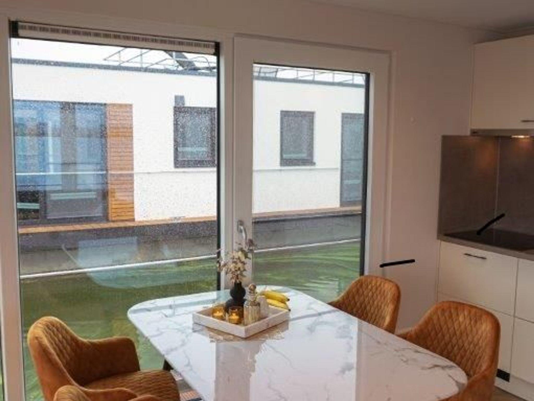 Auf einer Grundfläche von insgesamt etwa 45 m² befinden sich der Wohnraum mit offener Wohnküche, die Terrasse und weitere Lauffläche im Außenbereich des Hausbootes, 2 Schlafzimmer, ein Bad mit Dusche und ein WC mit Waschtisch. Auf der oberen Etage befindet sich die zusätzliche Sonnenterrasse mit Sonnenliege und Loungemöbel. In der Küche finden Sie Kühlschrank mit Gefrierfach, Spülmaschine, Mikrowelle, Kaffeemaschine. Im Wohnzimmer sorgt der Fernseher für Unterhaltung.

----------------------------------------

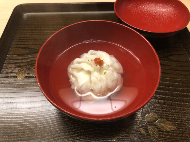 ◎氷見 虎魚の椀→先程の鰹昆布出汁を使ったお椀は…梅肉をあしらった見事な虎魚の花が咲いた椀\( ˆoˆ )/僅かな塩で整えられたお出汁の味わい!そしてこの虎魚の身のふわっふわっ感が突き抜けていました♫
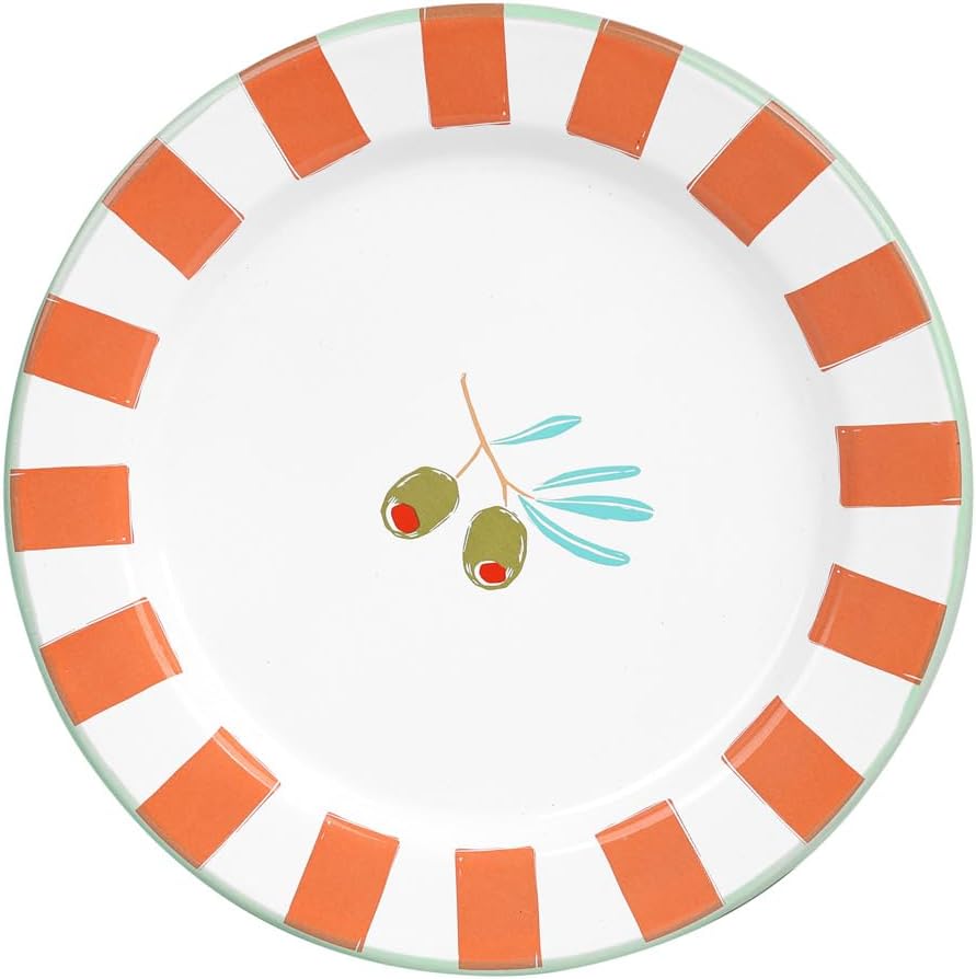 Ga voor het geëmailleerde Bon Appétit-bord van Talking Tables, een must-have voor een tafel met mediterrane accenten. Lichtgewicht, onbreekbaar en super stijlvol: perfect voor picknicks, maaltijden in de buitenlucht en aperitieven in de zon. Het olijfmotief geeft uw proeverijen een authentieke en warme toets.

----------------------------------------

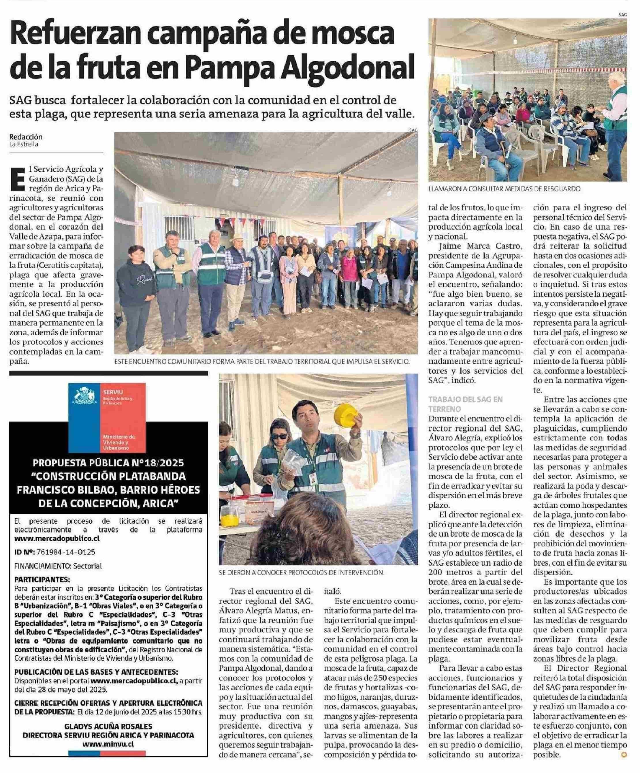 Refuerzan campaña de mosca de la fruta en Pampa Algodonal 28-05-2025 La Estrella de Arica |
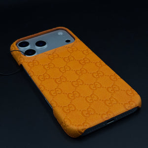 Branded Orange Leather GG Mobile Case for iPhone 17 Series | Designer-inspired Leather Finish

----------------------------------------

### Assignment:
If a picture sits between the line containing "Refuerzan campaña de" and the line containing "Branded Orange Leather", leave it out, and return the lines of that range above exactly, both ends included.

### Written response:
 Refuerzan campaña de mosca de la fruta en Pampa Algodonal 28-05-2025 La Estrella de Arica |
 Branded Orange Leather GG Mobile Case for iPhone 17 Series | Designer-inspired Leather Finish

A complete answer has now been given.